May 17

Beekeepers are pointing the finger at a Bayer CropScience pesticide marketed under the name Poncho, but government tests aren’t conclusive

In Germany’s bucolic Baden-Württemburg region, there is a curious silence this week. All up and down the Rhine river, farm fields usually buzzing with bees are quiet. Beginning late last week, helpless beekeepers could only watch as their hives were hit by an unprecedented die-off. Many say one of Germany’s biggest chemical companies is to blame.

In some parts of the region, hundreds of bees per hive have been dying each day. “It’s an absolute bee emergency,” Manfred Hederer, president of the German Professional Beekeeper’s Association, told SPIEGEL ONLINE. “Fifty to 60 percent of the bees have died on average, and some beekeepers have lost all their hives.”

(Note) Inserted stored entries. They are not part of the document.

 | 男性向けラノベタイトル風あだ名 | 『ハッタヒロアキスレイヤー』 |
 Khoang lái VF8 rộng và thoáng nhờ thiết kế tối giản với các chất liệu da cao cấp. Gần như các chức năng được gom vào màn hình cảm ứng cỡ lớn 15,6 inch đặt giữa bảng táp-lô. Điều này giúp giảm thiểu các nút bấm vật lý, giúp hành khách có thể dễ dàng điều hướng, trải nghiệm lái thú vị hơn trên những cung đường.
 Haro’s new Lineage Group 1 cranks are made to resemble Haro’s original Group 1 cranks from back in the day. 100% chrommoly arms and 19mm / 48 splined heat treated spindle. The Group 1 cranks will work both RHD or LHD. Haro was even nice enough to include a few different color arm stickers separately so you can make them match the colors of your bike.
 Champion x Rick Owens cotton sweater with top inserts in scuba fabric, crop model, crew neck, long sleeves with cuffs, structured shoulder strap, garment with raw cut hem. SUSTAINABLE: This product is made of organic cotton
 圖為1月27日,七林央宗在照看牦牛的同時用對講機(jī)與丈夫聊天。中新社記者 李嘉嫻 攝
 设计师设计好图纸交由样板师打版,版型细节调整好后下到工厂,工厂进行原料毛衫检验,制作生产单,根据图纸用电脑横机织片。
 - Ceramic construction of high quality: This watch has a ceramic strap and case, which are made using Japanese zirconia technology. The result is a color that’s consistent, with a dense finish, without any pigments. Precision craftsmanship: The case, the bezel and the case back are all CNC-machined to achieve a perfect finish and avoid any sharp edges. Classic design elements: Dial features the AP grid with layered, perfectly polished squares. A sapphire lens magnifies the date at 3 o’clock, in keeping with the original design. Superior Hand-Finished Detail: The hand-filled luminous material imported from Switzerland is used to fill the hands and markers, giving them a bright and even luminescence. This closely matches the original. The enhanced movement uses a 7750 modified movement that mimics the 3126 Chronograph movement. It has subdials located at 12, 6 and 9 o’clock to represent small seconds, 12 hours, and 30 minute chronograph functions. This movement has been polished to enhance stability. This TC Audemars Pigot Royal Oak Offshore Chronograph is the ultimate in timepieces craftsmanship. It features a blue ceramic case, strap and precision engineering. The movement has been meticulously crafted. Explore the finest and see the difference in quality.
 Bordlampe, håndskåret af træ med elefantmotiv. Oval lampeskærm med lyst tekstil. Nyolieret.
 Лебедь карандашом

The crisis hit its peak last weekend. Beekeepers from Germany’s Baden-Württemburg reported hives full of thousands of dead bees. The worst-hit region, according to state officials, was along the upper Rhine river between the towns of Rastatt and Lorrach. The Rhine valley is one of Germany’s prime agricultural regions.

Regional officials spent the week testing bees, pollen, honey and plant materials to look for the die-off’s causes. The Julius Kühn Institute in Braunschweig, a federal research institute dealing with agricultural issues, set up a special hotline for beekeepers to send in dead bees for analysis. Continue reading »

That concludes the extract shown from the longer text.